• Work required:
Give back the full listing exactly, setting the pictures aside.

:: Given material

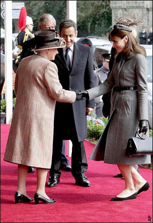 薩科齊夫婦隨后來(lái)到溫莎堡,英國(guó)女王在那里迎接他們到訪?ɡ·布呂尼向女王行屈膝禮,之前布呂尼已經(jīng)為這次見(jiàn)面準(zhǔn)備了很長(zhǎng)時(shí)間。薩科齊則在女王丈夫菲利浦親王的陪同下檢閱了英國(guó)皇家軍隊(duì)。
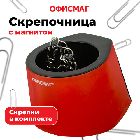 Скрепочница магнитная ОФИСМАГ с 30 скрепками, стильный корпус, красно-черная, 225192
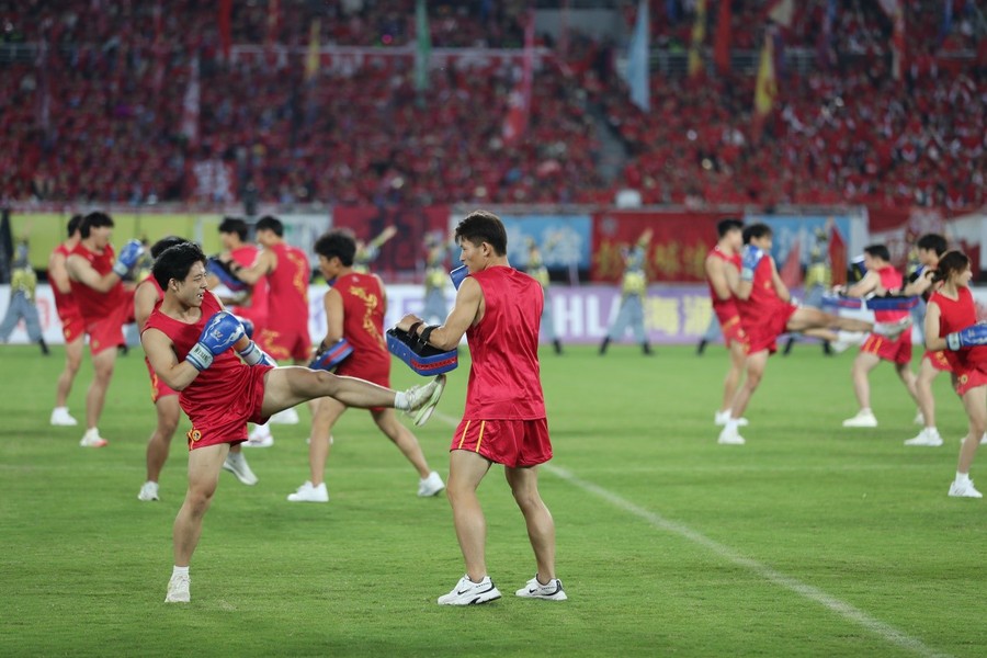9月20日晚,“苏超”联赛第12轮徐州队与苏州队的比赛在徐州奥体中心拉开帷幕。开赛前夕,169名安博·体育学子以一场气势恢宏的《大汉雄风》表演,将现场氛围推向首个高潮。这场长达7分钟的表演,将中华武术与兵马俑舞元素深度融合,以“武魂起,俑魄生”为核心理念,通过刚猛凌厉的武技与雄浑厚重的舞姿,生动再现了古代战场的豪情。刀光随鼓点流转,阵型随韵律变幻,动静之间,令现场数万名观众沉浸于跨越时空的文化震撼,更彰显出徐州作为两汉文化发源地的深厚底蕴。

::::

• Answer box:
 薩科齊夫婦隨后來(lái)到溫莎堡,英國(guó)女王在那里迎接他們到訪?ɡ·布呂尼向女王行屈膝禮,之前布呂尼已經(jīng)為這次見(jiàn)面準(zhǔn)備了很長(zhǎng)時(shí)間。薩科齊則在女王丈夫菲利浦親王的陪同下檢閱了英國(guó)皇家軍隊(duì)。
 Скрепочница магнитная ОФИСМАГ с 30 скрепками, стильный корпус, красно-черная, 225192
9月20日晚,“苏超”联赛第12轮徐州队与苏州队的比赛在徐州奥体中心拉开帷幕。开赛前夕,169名安博·体育学子以一场气势恢宏的《大汉雄风》表演,将现场氛围推向首个高潮。这场长达7分钟的表演,将中华武术与兵马俑舞元素深度融合,以“武魂起,俑魄生”为核心理念,通过刚猛凌厉的武技与雄浑厚重的舞姿,生动再现了古代战场的豪情。刀光随鼓点流转,阵型随韵律变幻,动静之间,令现场数万名观众沉浸于跨越时空的文化震撼,更彰显出徐州作为两汉文化发源地的深厚底蕴。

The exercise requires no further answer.